RECORDS FOR PROCESSING below:
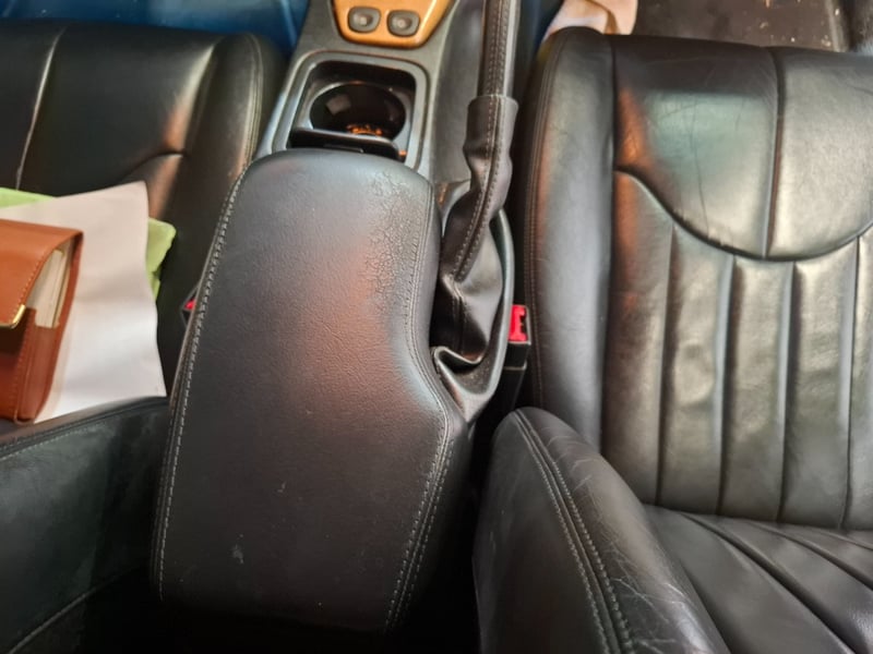 * Centre armrest leather shows surface wear and scuffing consistent with age
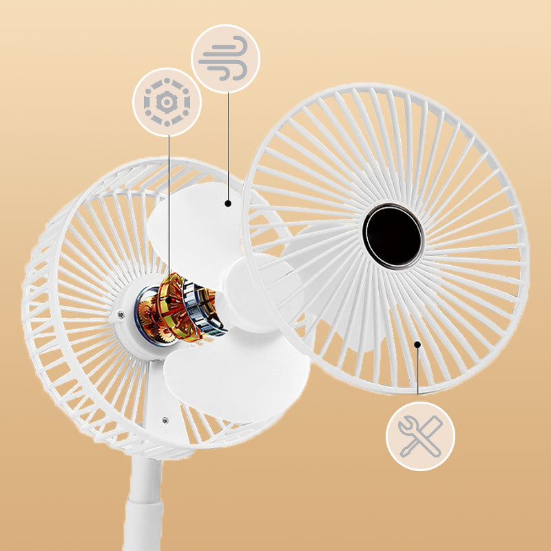 OMNIDIRECTIONAL AIR DELIVERY: The 180° angle can be adjusted, enabling the fan to evenly distribute cool air in different directions, improving the overall cooling effect.
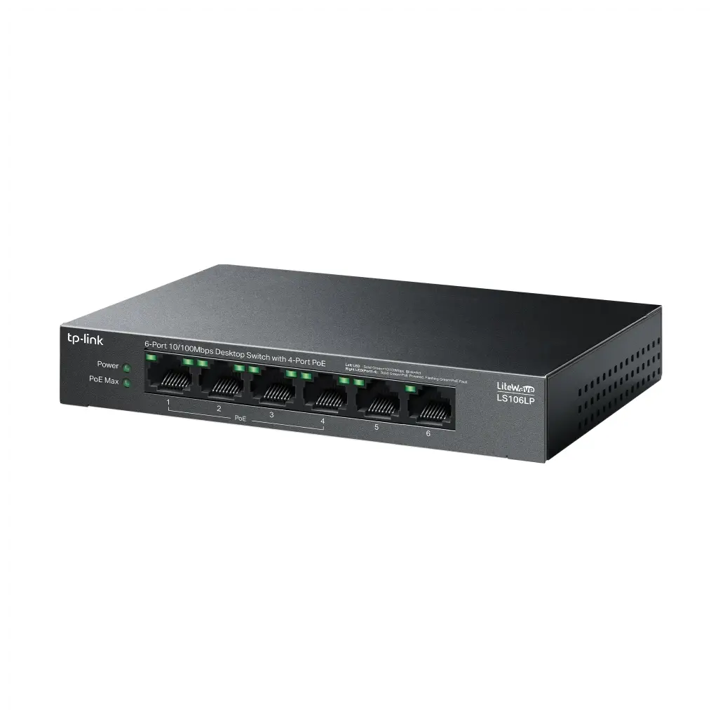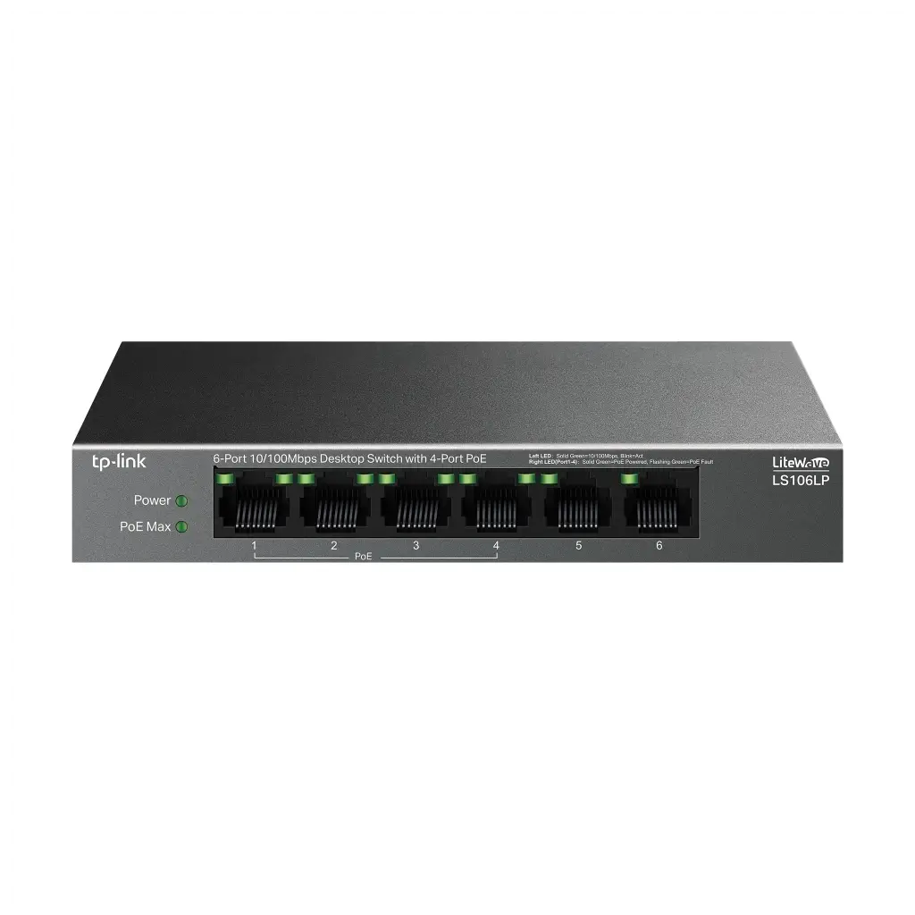 | Arabirim | • 6× 10/100 Mbps RJ45 Ports (4× 10/100 Mbps 802.3af PoE Ports) • AUTO Negotiation • AUTO MDI/MDIX |
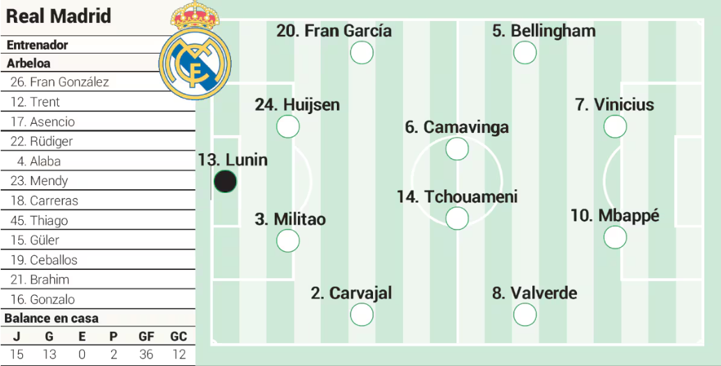 皇马在欧冠1/4决赛首回合主场1比2不敌老对手拜仁,次回合做客慕尼黑凶多吉少。目前他们在联赛中落后巴塞罗那7分,逆转的希望也不大,尤其是上轮做客马洛卡竟然1比2被绝杀。人员方面,马斯坦诺托本场停赛,这位以6000万欧元高价加盟的阿根廷新星已经成为槽点,他的表现远低于大家的预期。此外,主力门将库尔图瓦以及边锋罗德里戈都因伤缺阵,后者甚至可能因伤无缘世界杯,法国后卫费朗-门迪出战成疑。
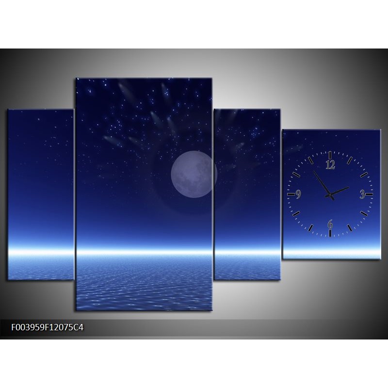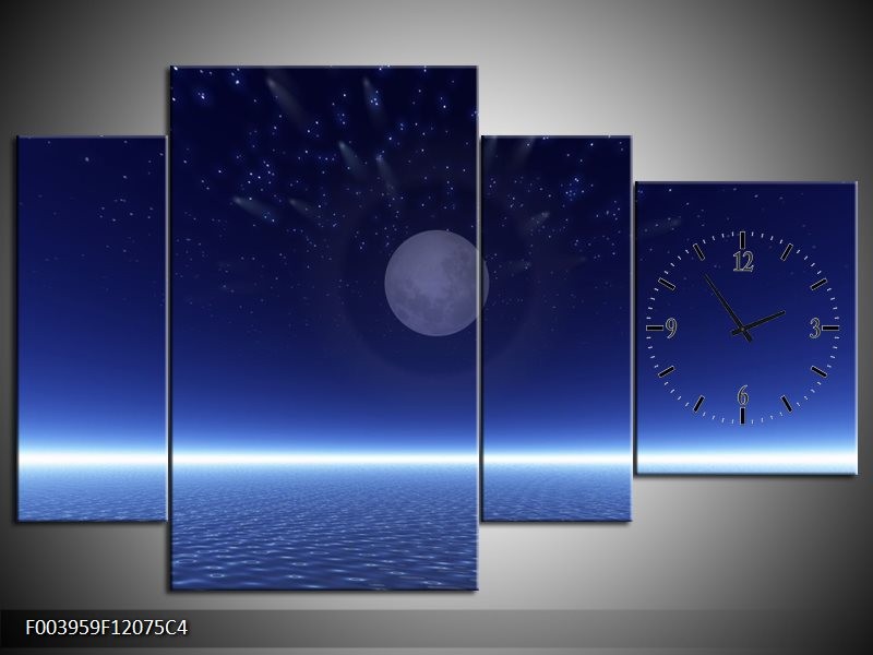 Klok schilderij Maan | Blauw, Wit, Grijs | 120x75cm 4Luik
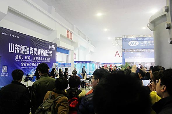 山東(國際)制漿造紙技術(shù)及裝備展覽會已成功舉辦十年,展會展出面積12000平方米,參展商約400余家,專業(yè)觀眾達15000余人,山東德瑞克攜2015新上市升級版產(chǎn)品亮相本次展會,其中DRK101A拉力試驗機采用進口直流伺服電機和滾珠絲桿構(gòu)造性能更穩(wěn)定, 中英文自由切換配合智能化 觸摸屏操作更便捷,且實時顯示曲線和數(shù)據(jù)。此外,平滑度儀,耐破度儀,耐折度儀,撕裂度儀,紙箱抗壓機等十余種新型檢測儀器也是山東德瑞克本次展會展出的得意之作,美觀,穩(wěn)定,智能化,適中的價格,深得與會客戶的一致認可與好評。
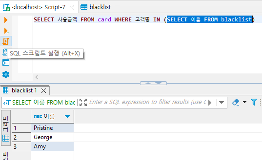 - 서브쿼리문만 따로 실행하고 싶을 때는 해당 문법을 드래그하고 실행버튼을 눌러보면 됩니다.
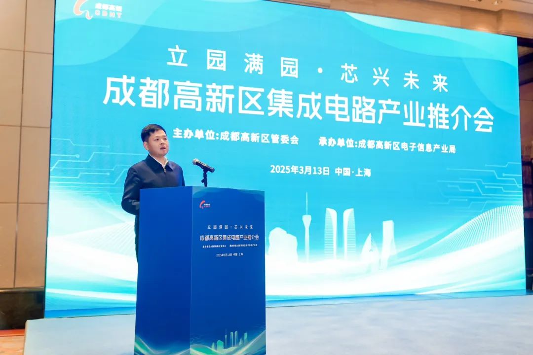 会上,成都高新区电子信息产业局相关负责人从产业集聚、区位优势、未来布局等方面开展了成都高新区集成电路产业推介并详细介绍了《成都高新技术产业开发区关于支持集成电路产业高质量发展的若干政策》,并表示,在成都高新区,每一颗芯片都承载着创新的力量,每一个园区都见证着产业的腾飞,期待能与在座的各位企业家朋友携手,共同开创美好未来。
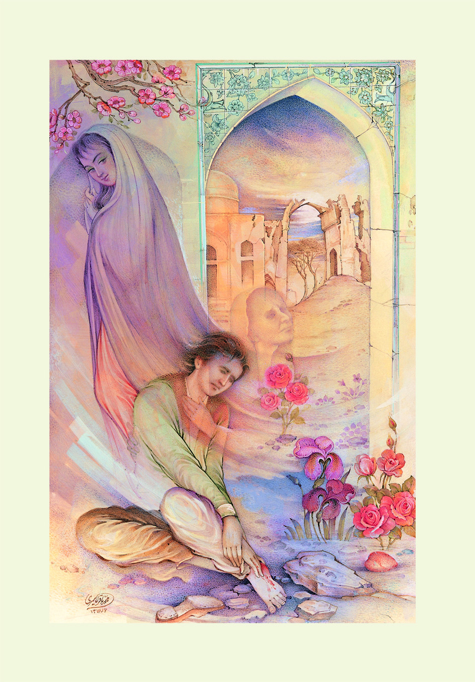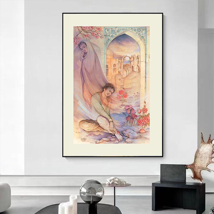In The Goddess of Love Mother, Aghamiri merges delicate details with spiritual depth, portraying a symbolic embodiment of love and nurturing. The graceful composition and harmony of colors reflect both the timeless beauty of Persian miniature art and the profound emotional resonance of the subject
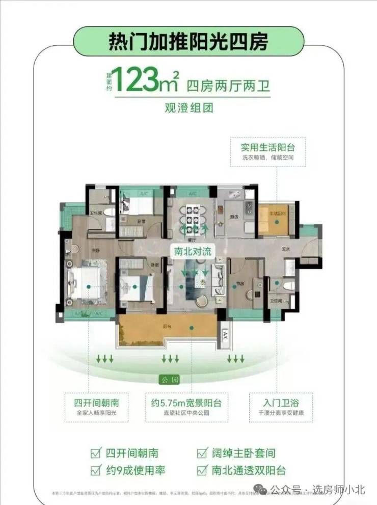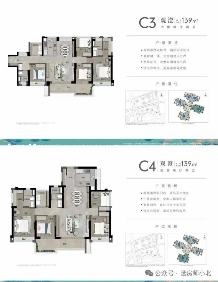 观澄组团目前主要在售3座,这栋交楼时间为26年3月份,户型有123和139平四房两卫,其中123平总价330-360万左右,139平总价390-440万左右,98平三房户型已经全面售罄!在售户型图如下:
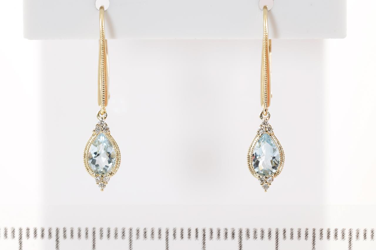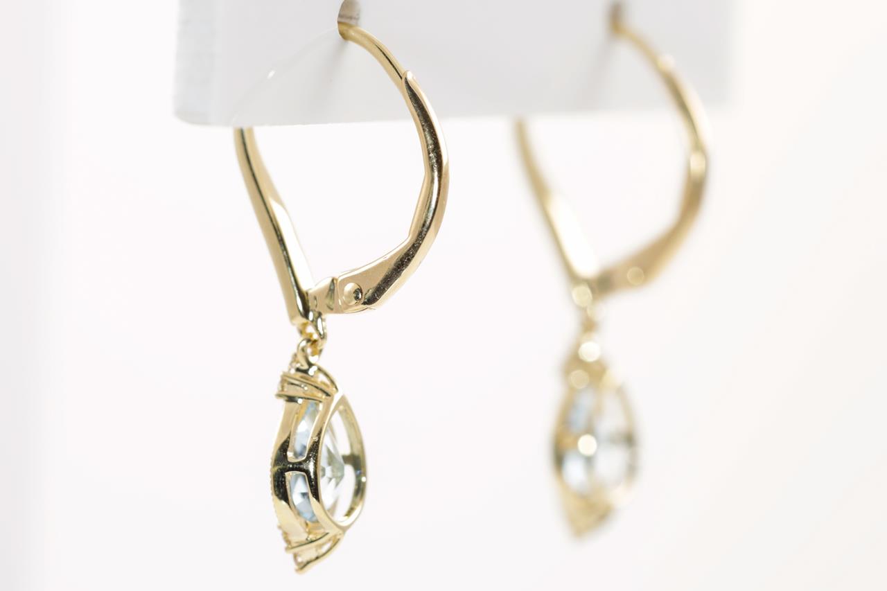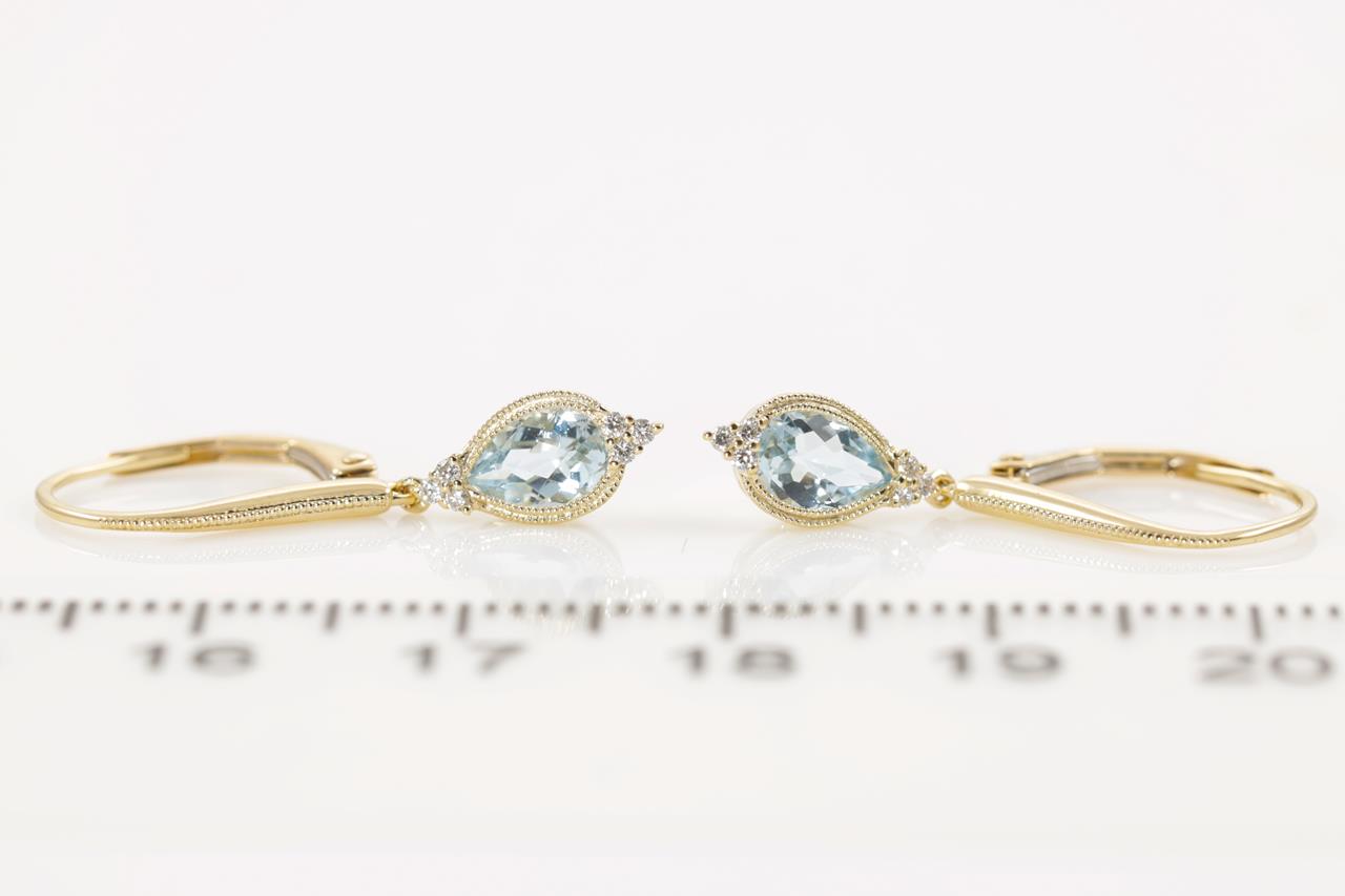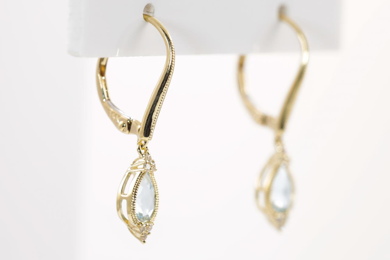 Aquamarine and Diamond leverback earrings with pear shape Aquamarine totalling 0.67cts and Diamonds totalling 0.06cts. 14ct yellow gold. Weight: 1.3g. (New)
End of RECORDS FOR PROCESSING.
## WORK ITEM
The material above holds pictures; leave them out and set down exactly the lines from the line with "皇马在欧冠1/4决赛首回合主" to the line with "会上,成都高新区电子信息产业", both included.

## ANSWER SECTION
 皇马在欧冠1/4决赛首回合主场1比2不敌老对手拜仁,次回合做客慕尼黑凶多吉少。目前他们在联赛中落后巴塞罗那7分,逆转的希望也不大,尤其是上轮做客马洛卡竟然1比2被绝杀。人员方面,马斯坦诺托本场停赛,这位以6000万欧元高价加盟的阿根廷新星已经成为槽点,他的表现远低于大家的预期。此外,主力门将库尔图瓦以及边锋罗德里戈都因伤缺阵,后者甚至可能因伤无缘世界杯,法国后卫费朗-门迪出战成疑。
 Klok schilderij Maan | Blauw, Wit, Grijs | 120x75cm 4Luik
 山東(國際)制漿造紙技術(shù)及裝備展覽會已成功舉辦十年,展會展出面積12000平方米,參展商約400余家,專業(yè)觀眾達15000余人,山東德瑞克攜2015新上市升級版產(chǎn)品亮相本次展會,其中DRK101A拉力試驗機采用進口直流伺服電機和滾珠絲桿構(gòu)造性能更穩(wěn)定, 中英文自由切換配合智能化 觸摸屏操作更便捷,且實時顯示曲線和數(shù)據(jù)。此外,平滑度儀,耐破度儀,耐折度儀,撕裂度儀,紙箱抗壓機等十余種新型檢測儀器也是山東德瑞克本次展會展出的得意之作,美觀,穩(wěn)定,智能化,適中的價格,深得與會客戶的一致認可與好評。
 - 서브쿼리문만 따로 실행하고 싶을 때는 해당 문법을 드래그하고 실행버튼을 눌러보면 됩니다.
 会上,成都高新区电子信息产业局相关负责人从产业集聚、区位优势、未来布局等方面开展了成都高新区集成电路产业推介并详细介绍了《成都高新技术产业开发区关于支持集成电路产业高质量发展的若干政策》,并表示,在成都高新区,每一颗芯片都承载着创新的力量,每一个园区都见证着产业的腾飞,期待能与在座的各位企业家朋友携手,共同开创美好未来。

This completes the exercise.